As defined in our paper, Cytomulate fits a GMM for each cell type, meaning that there are as many GMMs
as cell types. The cell types are user specified naturally. It may be tempting to fit one single GMM
to all the data, which is definitely possible, but the caveate is that a very complex model is needed.
So Cytomulate tries to take advantage of cell types or clusters as given by the user. Then, when the GMMs
are estimated, the next step is to sample from them, which is the `sample()`

method seen earlier. Recall
that the method takes only 1 argument, which is the number of cells in the output rather than the number
of cells in each cell type. Thus, this section deals with how we estimate the makeup of our dataset.

### Default: Data-Based

By default, we learn from the dataset itself. So if you use the following snippet as shown earlier,

```
>>> cytof_data = EmulationCytofData(n_batches = 1)
>>> cytof_data.initialize_cell_types(expression_matrix = dataset,
... labels = cell_types,
... max_components = 9,
... min_components = 1,
... covariance_types = ("full", "tied", "diag", "spherical"))
>>> expression_matrices, labels, _, _ = cytof_data.sample(n_samples = 100)
```

Cytomulate will estimate the proportion of cells from real data. This is generally not affected by other parameters, such as the number of components and the number of batches. We recommend the default if you wish the simulated dataset to be as similar to the simulated data as possible.

### Random Cell Abundance

There are some situations in which you may want to change the cell abundance, such as

inducing more variance

wanting more rare cell types

needing some difference from the reference dataset.

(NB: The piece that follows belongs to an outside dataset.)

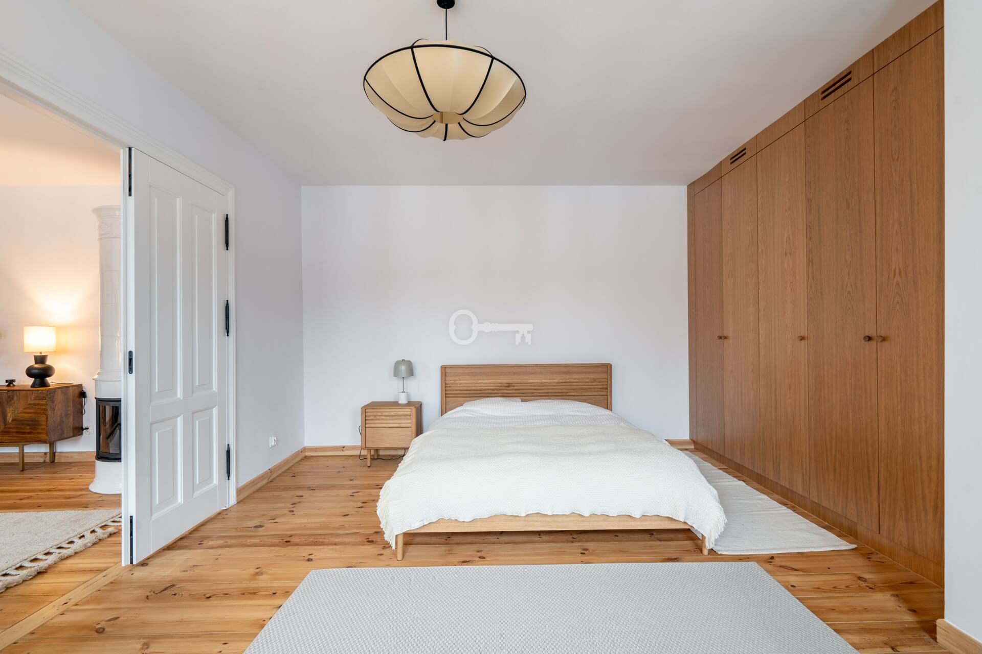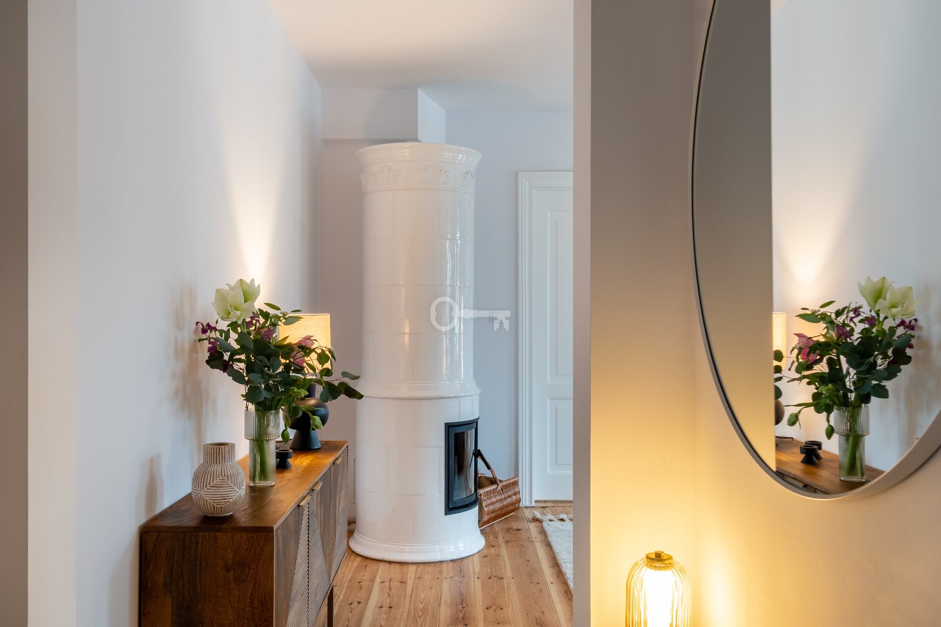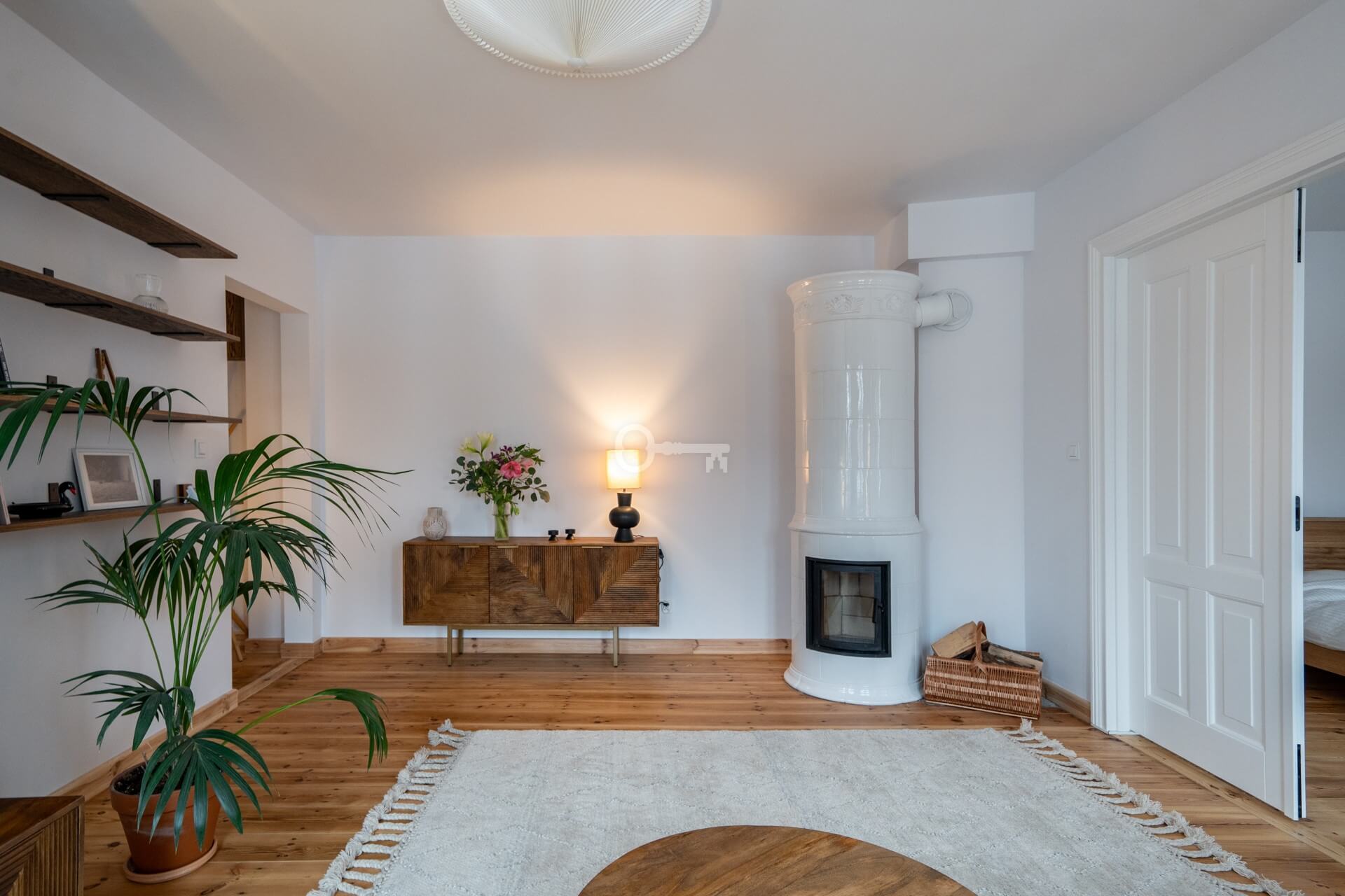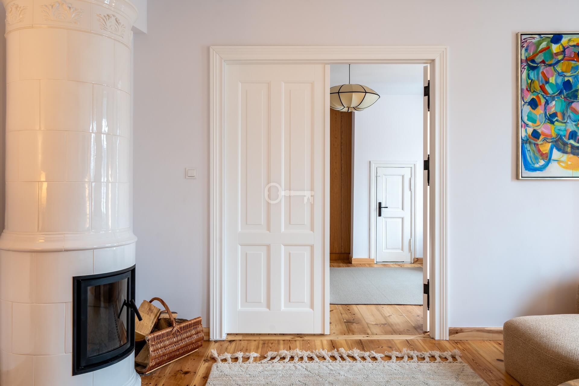 The living room features a magnificent and functioning Swedish tiled stove – handmade tiles, Kaflarnia Grochowski, Poland. The stove is made exclusively of natural materials.

In such cases, we can allow cell abundance to be randomly generated. There are in general two settings you
can choose. If you wish each cell type to have **equal probability**, then you should run the following
snippet:

```
>>> cytof_data = EmulationCytofData(n_batches = 1)
>>> cytof_data.initialize_cell_types(expression_matrix = dataset,
... labels = cell_types,
... max_components = 9,
... min_components = 1,
... covariance_types = ("full", "tied", "diag", "spherical"))
>>> cytof_data.generate_cell_abundance(use_observed = False,
is_random = False)
```

Note

It is uncessary to call `generate_cell_abundance`

if you wish to use the observed cell abundance
since it’s the default behavior.

On the other hand, if you wish to add some randomness into the mix, the probability for each cell type
can be generated with the Dirichlet distribution by simply setting `is_random`

to `True`

:

```
>>> cytof_data = EmulationCytofData(n_batches = 1)
>>> cytof_data.initialize_cell_types(expression_matrix = dataset,
... labels = cell_types,
... max_components = 9,
... min_components = 1,
... covariance_types = ("full", "tied", "diag", "spherical"))
>>> cytof_data.generate_cell_abundance(use_observed = False,
is_random = True)
```

This last example is especially useful is you wish to have a sample that is slightly different from real samples.